How to complete this task> In the listing that follows, find the line with "EXTRA THICK】Overfilled with", then copy exactly from it through the line with "最初に辿り着いた三本滝は、立派なつららをまとい、歓声が出るほどの美しさでした。", leaving out every picture.

____ Provided material

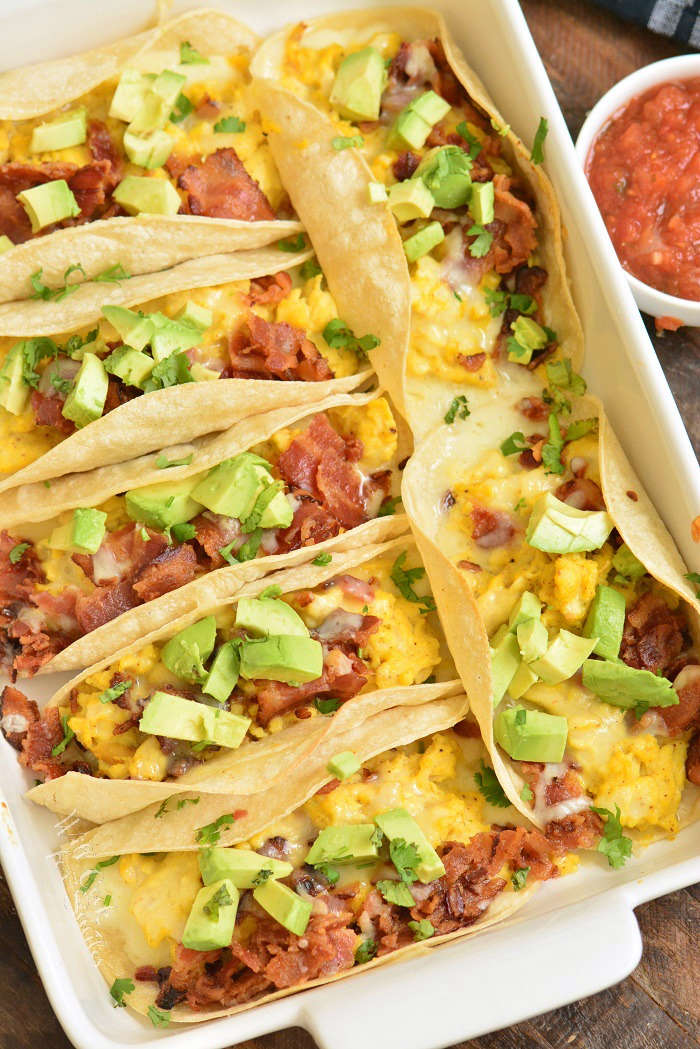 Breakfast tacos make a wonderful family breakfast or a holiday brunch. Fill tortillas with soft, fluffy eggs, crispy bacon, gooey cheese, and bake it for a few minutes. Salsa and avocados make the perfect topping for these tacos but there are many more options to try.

________
____ Provided material

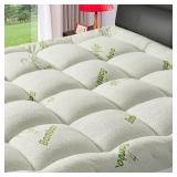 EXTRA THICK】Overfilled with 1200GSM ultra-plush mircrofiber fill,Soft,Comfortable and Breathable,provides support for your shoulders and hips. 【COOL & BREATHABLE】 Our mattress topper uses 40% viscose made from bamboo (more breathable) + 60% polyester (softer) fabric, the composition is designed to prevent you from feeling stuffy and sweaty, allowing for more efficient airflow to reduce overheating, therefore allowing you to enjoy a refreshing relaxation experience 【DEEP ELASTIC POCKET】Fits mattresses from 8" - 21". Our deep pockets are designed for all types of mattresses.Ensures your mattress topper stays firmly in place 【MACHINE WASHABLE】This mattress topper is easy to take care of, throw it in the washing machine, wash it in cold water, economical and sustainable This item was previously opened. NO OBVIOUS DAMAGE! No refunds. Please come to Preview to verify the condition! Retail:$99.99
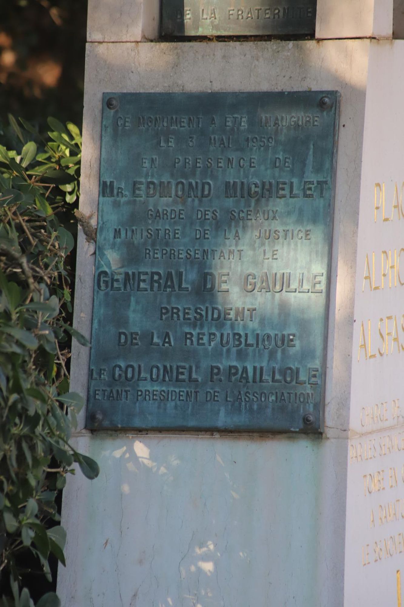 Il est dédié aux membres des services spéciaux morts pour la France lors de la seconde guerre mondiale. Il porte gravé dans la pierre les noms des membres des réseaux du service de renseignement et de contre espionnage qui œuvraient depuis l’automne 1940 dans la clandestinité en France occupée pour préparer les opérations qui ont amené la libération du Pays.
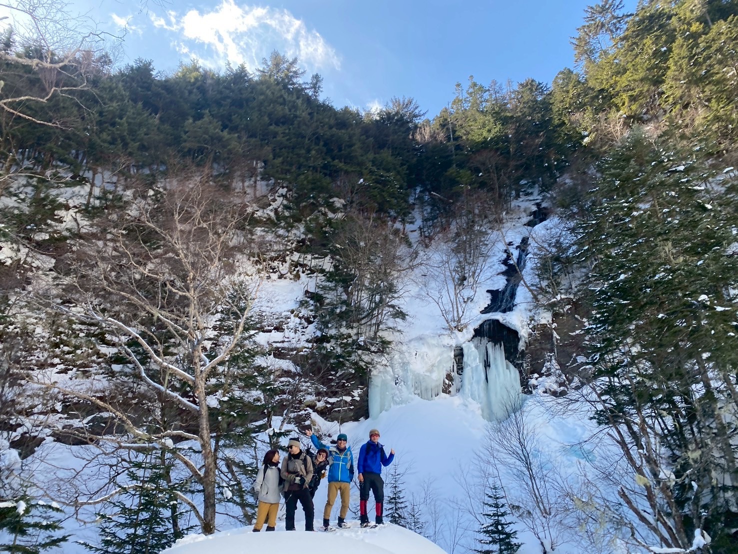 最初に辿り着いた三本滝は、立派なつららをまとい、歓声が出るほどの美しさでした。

________

Output for this task>
 EXTRA THICK】Overfilled with 1200GSM ultra-plush mircrofiber fill,Soft,Comfortable and Breathable,provides support for your shoulders and hips. 【COOL & BREATHABLE】 Our mattress topper uses 40% viscose made from bamboo (more breathable) + 60% polyester (softer) fabric, the composition is designed to prevent you from feeling stuffy and sweaty, allowing for more efficient airflow to reduce overheating, therefore allowing you to enjoy a refreshing relaxation experience 【DEEP ELASTIC POCKET】Fits mattresses from 8" - 21". Our deep pockets are designed for all types of mattresses.Ensures your mattress topper stays firmly in place 【MACHINE WASHABLE】This mattress topper is easy to take care of, throw it in the washing machine, wash it in cold water, economical and sustainable This item was previously opened. NO OBVIOUS DAMAGE! No refunds. Please come to Preview to verify the condition! Retail:$99.99
 Il est dédié aux membres des services spéciaux morts pour la France lors de la seconde guerre mondiale. Il porte gravé dans la pierre les noms des membres des réseaux du service de renseignement et de contre espionnage qui œuvraient depuis l’automne 1940 dans la clandestinité en France occupée pour préparer les opérations qui ont amené la libération du Pays.
 最初に辿り着いた三本滝は、立派なつららをまとい、歓声が出るほどの美しさでした。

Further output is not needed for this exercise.